However, despite these advantages, medical diagnostic AI models face significant challenges, including potential biases in the data and the high sensitivity of such data, necessitating robust protection mechanisms. Biases may arise if the data used to train algorithms do not adequately represent all demographic groups, leading to inaccurate diagnoses. Additionally, handling sensitive patient information raises serious concerns about security and compliance with privacy regulations.

Reflecting Societal Biases in AI

Machine learning systems are trained on large datasets, which often reflect existing societal patterns and inequalities. Consequently, AI can replicate these biases or even amplify them in its outputs. For example, if trained on biased data, AI might provide more accurate diagnoses for groups well-represented in the data while producing errors or suboptimal treatment recommendations for underrepresented groups.

A stark example comes from a study by the University of Leeds, which showed that up to half of women presenting symptoms after a heart attack receive an incorrect diagnosis because common protocols are more tailored to typical male symptoms. If AI suggests treatments based on biased data patterns, it risks perpetuating inequalities in care. When patients perceive that AI systems may not be fair or accurate for everyone—particularly minorities or vulnerable groups—trust in the technology and healthcare institutions can be seriously undermined.

Privacy Protection

Medical data, being highly sensitive, is protected by strict regulations to ensure its privacy and security, such as the GDPR in Europe and HIPAA in the U.S. These laws require that any collection, storage, or processing of health data complies with rigorous standards to prevent leaks and unauthorized access. The transfer of such data outside hospital environments poses additional risks, necessitating that external providers maintain protection levels equivalent to those required within hospitals. Even without direct access, the possibility of malicious third parties accessing sensitive information represents a significant privacy risk. Managing external data in AI systems is particularly complex and must involve advanced security measures and compliance protocols.

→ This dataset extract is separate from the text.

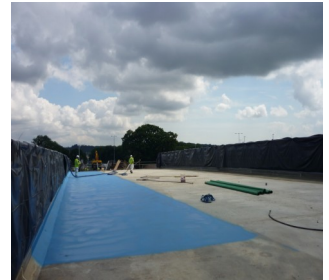
Spray applied waterproofing to London Road Bridge deck

The London Road will need to be temporarily closed for a weekend in September to allow contractors to tie-in the new bridge to the existing road and exact dates and times will be notified to residents.

Federated Learning: Advantages and Limitations

Federated Learning (FL) offers a solution to these challenges through a decentralized approach. Instead of transferring data to a central server, FL allows models to be trained locally within each institution or device, without data leaving its origin. This approach safeguards patient privacy, as sensitive information never leaves its source. FL also facilitates collaboration among hospitals and healthcare institutions by aggregating training results from different entities without compromising privacy.

This collaborative approach improves model representativeness and accuracy by integrating information from diverse populations and clinical contexts, reducing biases stemming from limited or single-source datasets. FL enables the creation of robust, inclusive models applicable to a broader patient demographic.

The Role of Trusted Execution Environments (TEEs)

Although FL minimizes data privacy risks, it still faces challenges related to confidentiality and computation integrity, which heavily rely on trust among involved parties. Trusted Execution Environments (TEEs) provide critical advantages in FL by creating secure zones on devices where sensitive code and data can be processed without exposure. TEEs ensure privacy and computation integrity and can issue cryptographic certificates to demonstrate data authenticity and integrity. These features make TEEs essential for adopting FL in highly regulated environments, ensuring secure and reliable data handling during distributed training.

A European Alliance for Efficient and Personalized Healthcare

The FLUTE project, funded by the European Commission, aims to develop an AI algorithm for diagnosing clinically significant prostate cancer (csPCa) through a federated and secure platform. Hospitals from Spain, Belgium, and Italy will participate in a pilot study in 2025 to evaluate the solution’s effectiveness in a real multinational setting.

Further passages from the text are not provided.